----- STUDY MATERIAL -----
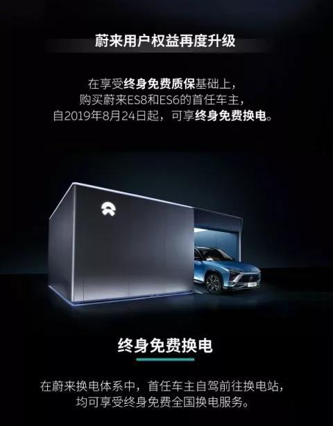 一直以贴心服务著称的蔚来汽车,为了将新老用户牢牢锁定在蔚来这个大家庭中,推出首任车主终身免费换电的服务。只要你成为蔚来首任车主,即可自驾前往任意营运中的换电站,享受终身不计次数的免费换电服务,该权益的使用次数不计入“能量无忧”服务包权益额度。面对价格不菲的电池,蔚来显然是祭出大招。
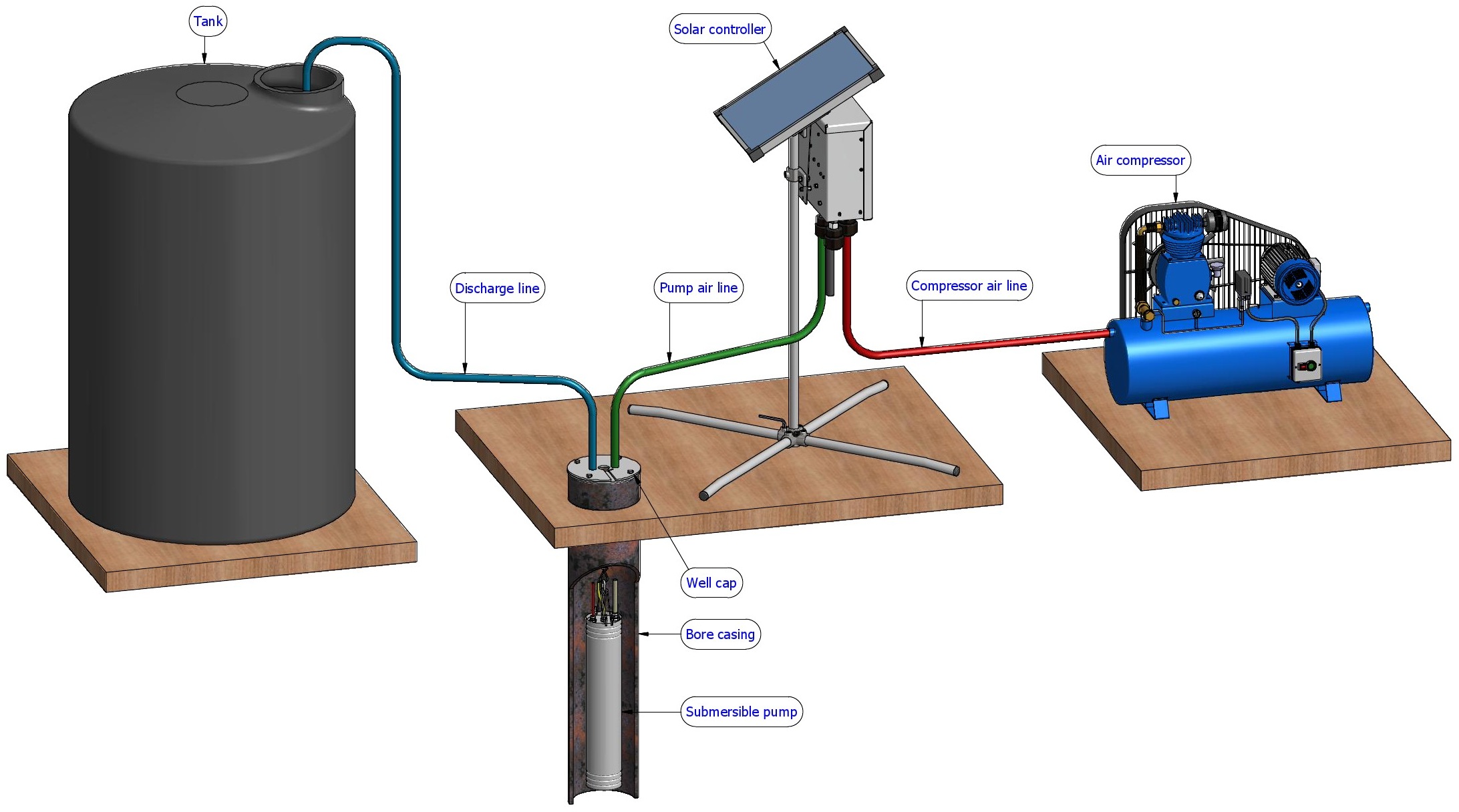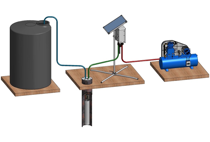 - An air compressor located close to an outlet, is providing the energy required to pump the water from inside the bore on to the surface.
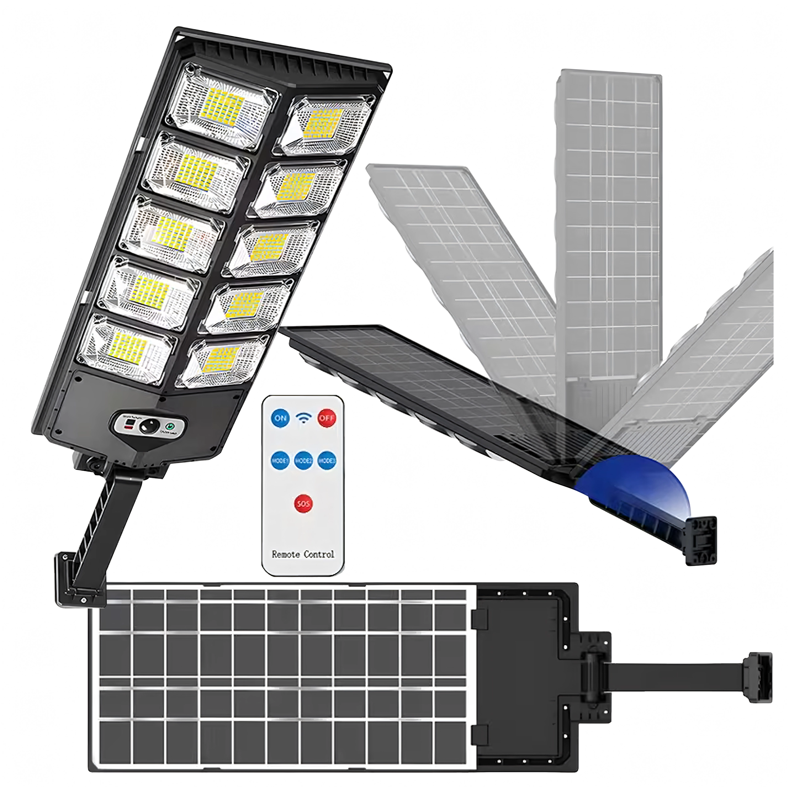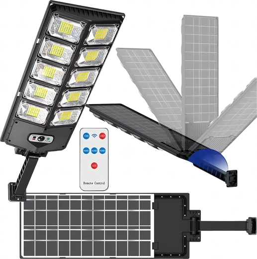 The outdoor solar LED lamp provides reliable lighting for your garden, driveway, or yard without the need for electrical wiring. With an integrated solar panel, a dusk sensor, and a motion sensor, the light turns on automatically, saves energy, and delivers a strong, wide beam. A remote control is included for convenient control of modes and timers.
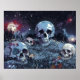 On a dark spooky Halloween night, a graveyard of skulls dot the ground ready to creep out unsuspecting guests who walk the grounds on Halloween.
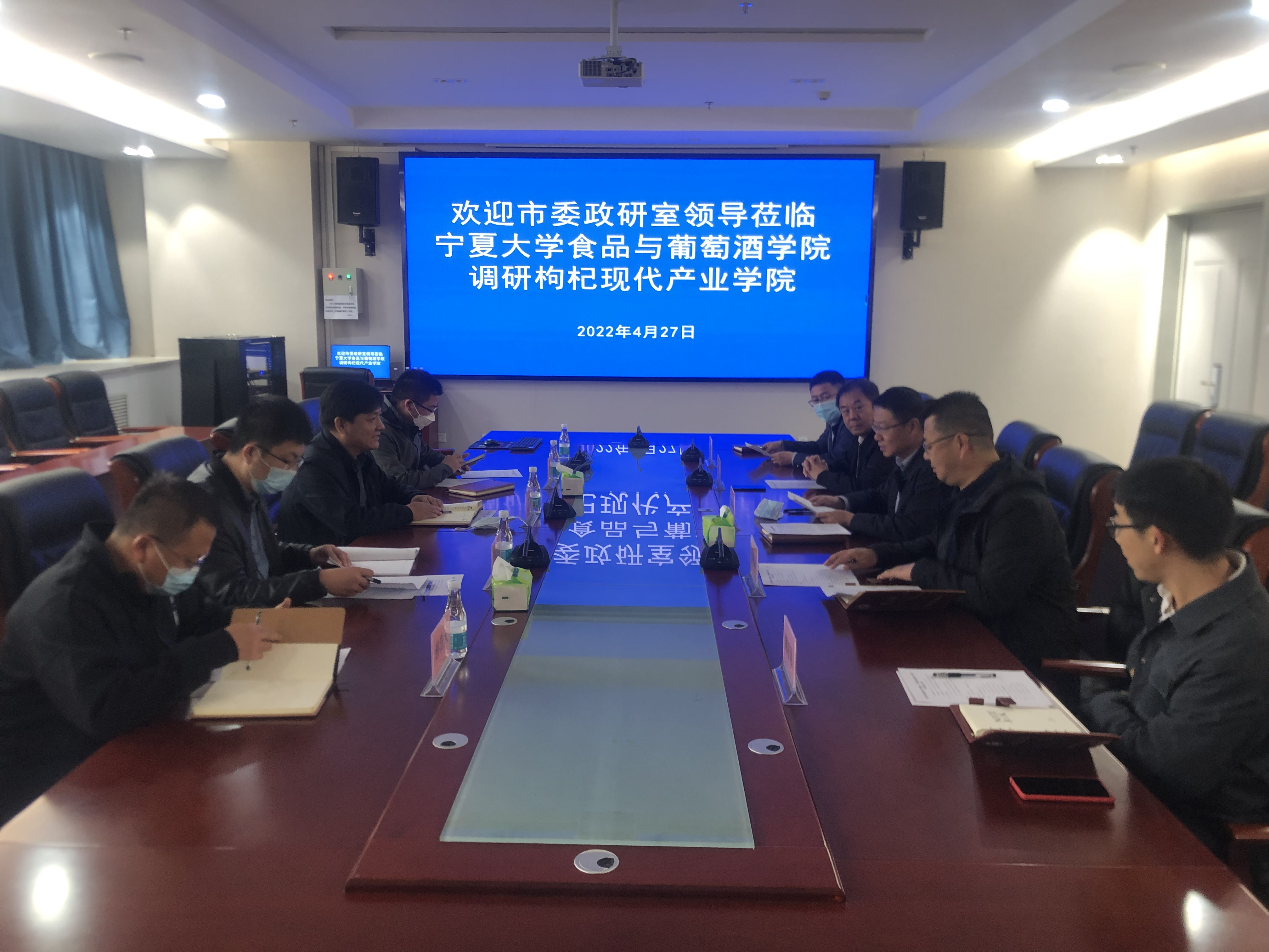 4月27日上午9:00,银川市委政研室副主任李耀续一行莅临香港六合彩直播 调研枸杞现代产业学院建设情况。双方就围绕银川打造中国枸杞精深加工基地、科研成果转化等方面进行了深入交流。香港六合彩直播 张军翔副院长、方海田副院长,刘敦华教授,王梦泽博士参加了座谈。
-----
ASSIGNMENT
Would you please output each record exactly, leaving the images out?

RESPONSE TO THE EXERCISE
 一直以贴心服务著称的蔚来汽车,为了将新老用户牢牢锁定在蔚来这个大家庭中,推出首任车主终身免费换电的服务。只要你成为蔚来首任车主,即可自驾前往任意营运中的换电站,享受终身不计次数的免费换电服务,该权益的使用次数不计入“能量无忧”服务包权益额度。面对价格不菲的电池,蔚来显然是祭出大招。
 - An air compressor located close to an outlet, is providing the energy required to pump the water from inside the bore on to the surface.
 The outdoor solar LED lamp provides reliable lighting for your garden, driveway, or yard without the need for electrical wiring. With an integrated solar panel, a dusk sensor, and a motion sensor, the light turns on automatically, saves energy, and delivers a strong, wide beam. A remote control is included for convenient control of modes and timers.
 On a dark spooky Halloween night, a graveyard of skulls dot the ground ready to creep out unsuspecting guests who walk the grounds on Halloween.
 4月27日上午9:00,银川市委政研室副主任李耀续一行莅临香港六合彩直播 调研枸杞现代产业学院建设情况。双方就围绕银川打造中国枸杞精深加工基地、科研成果转化等方面进行了深入交流。香港六合彩直播 张军翔副院长、方海田副院长,刘敦华教授,王梦泽博士参加了座谈。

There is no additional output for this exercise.